··· Data section ···

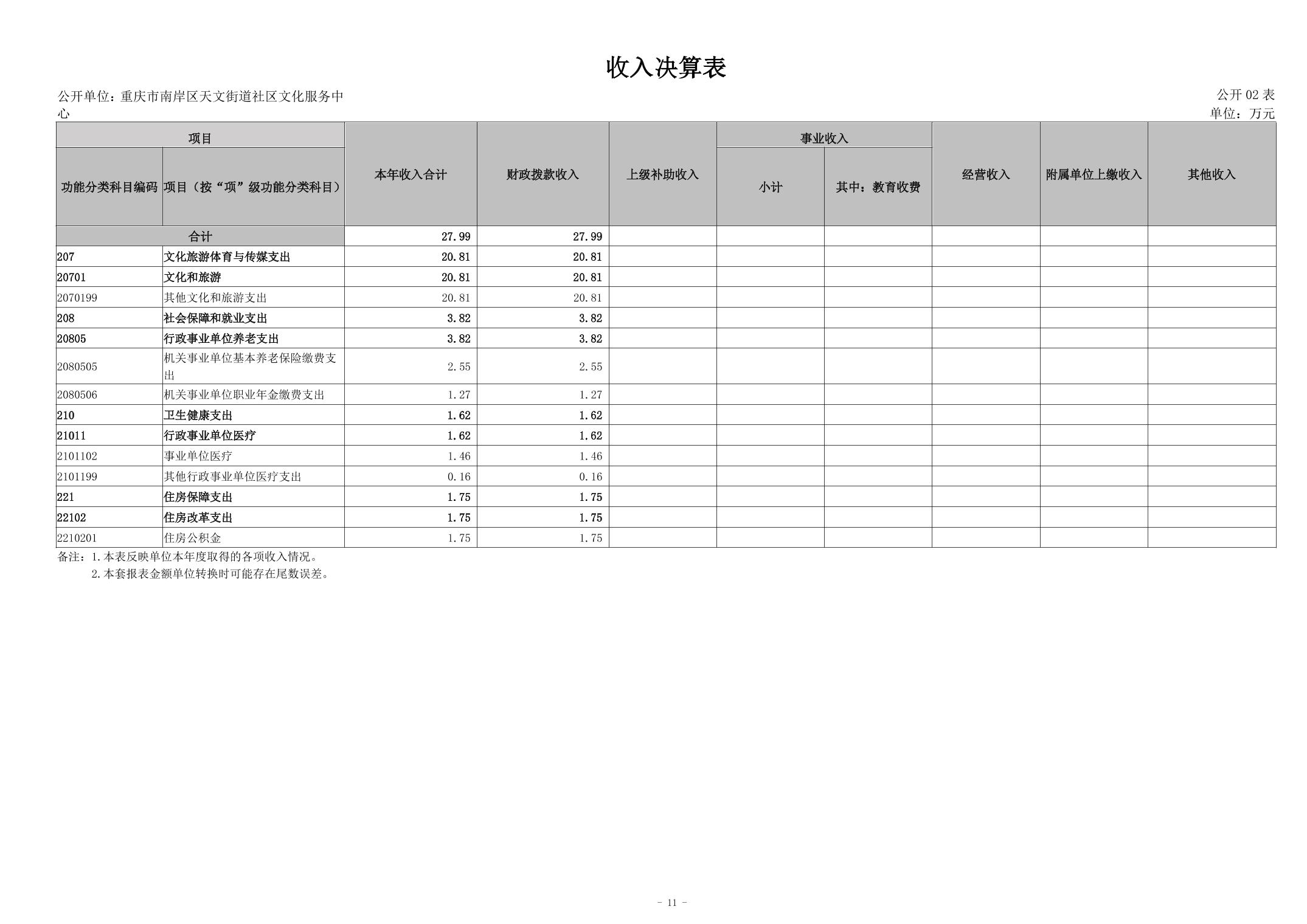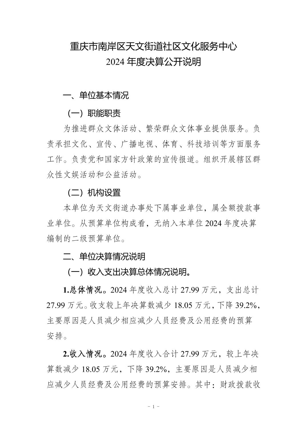 重庆市南岸区天文街道社区文化服务中心2024年度决算公开说明
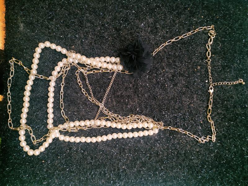 без потерь. Искусственный жемчуг , покрытие цепочек нежно золотое, цветок из очень качественной органзы под специальным креплением. Люксовая бижутерия с Англии. Длина 100 см.
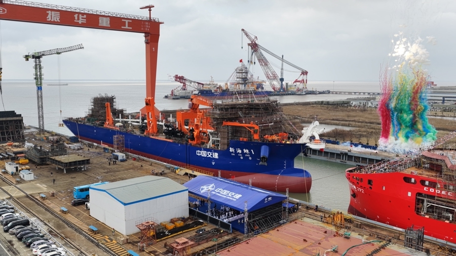 國內(nèi)首艘“上海造”超大型智能挖泥船下水。
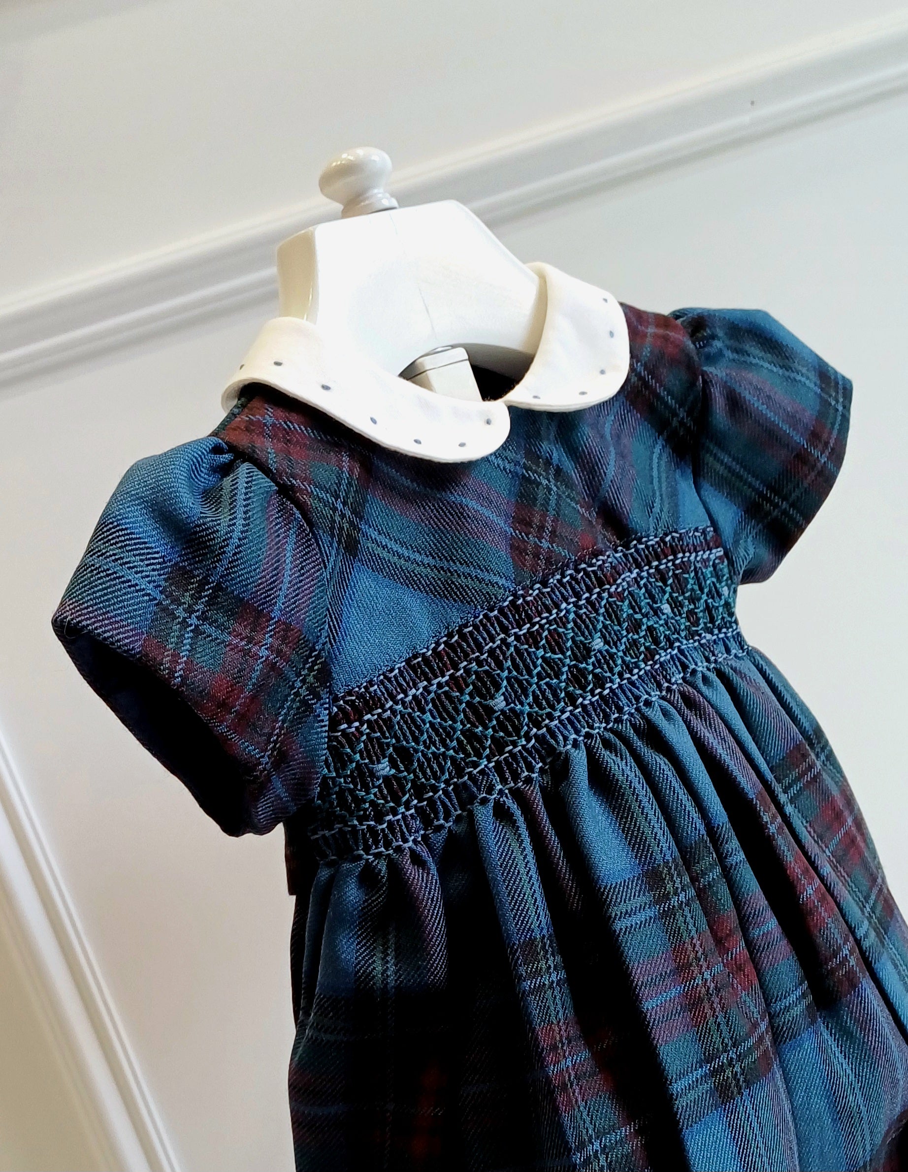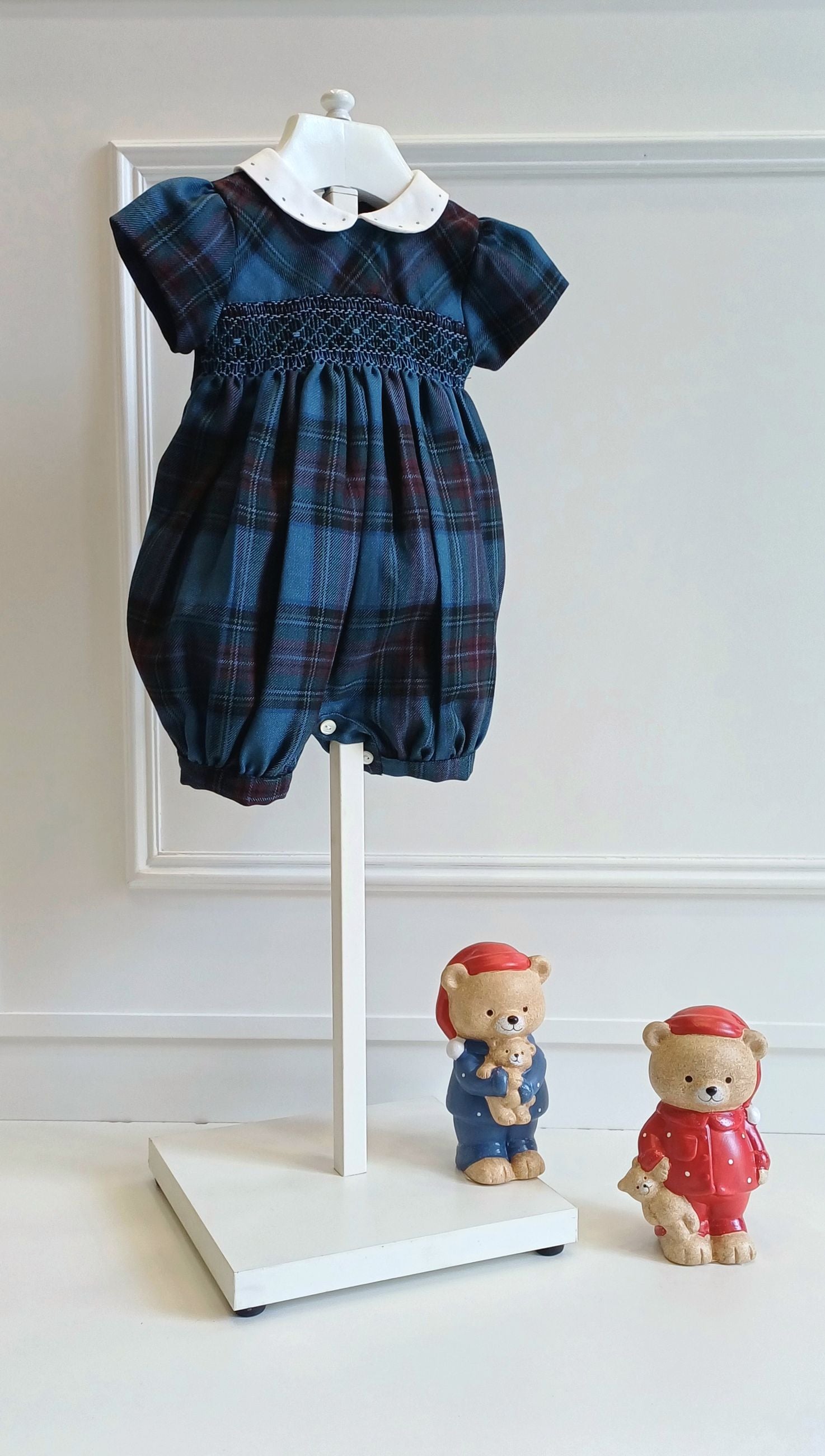 Pagliaccetto in tartan avion con punto smock con ricamo e colletto ricamato in tinta avion

···

§ Work instruction:
Exactly as given, transcribe every line of the data, but not its images.

§ Solution for this exercise:
 重庆市南岸区天文街道社区文化服务中心2024年度决算公开说明
 без потерь. Искусственный жемчуг , покрытие цепочек нежно золотое, цветок из очень качественной органзы под специальным креплением. Люксовая бижутерия с Англии. Длина 100 см.
 國內(nèi)首艘“上海造”超大型智能挖泥船下水。
 Pagliaccetto in tartan avion con punto smock con ricamo e colletto ricamato in tinta avion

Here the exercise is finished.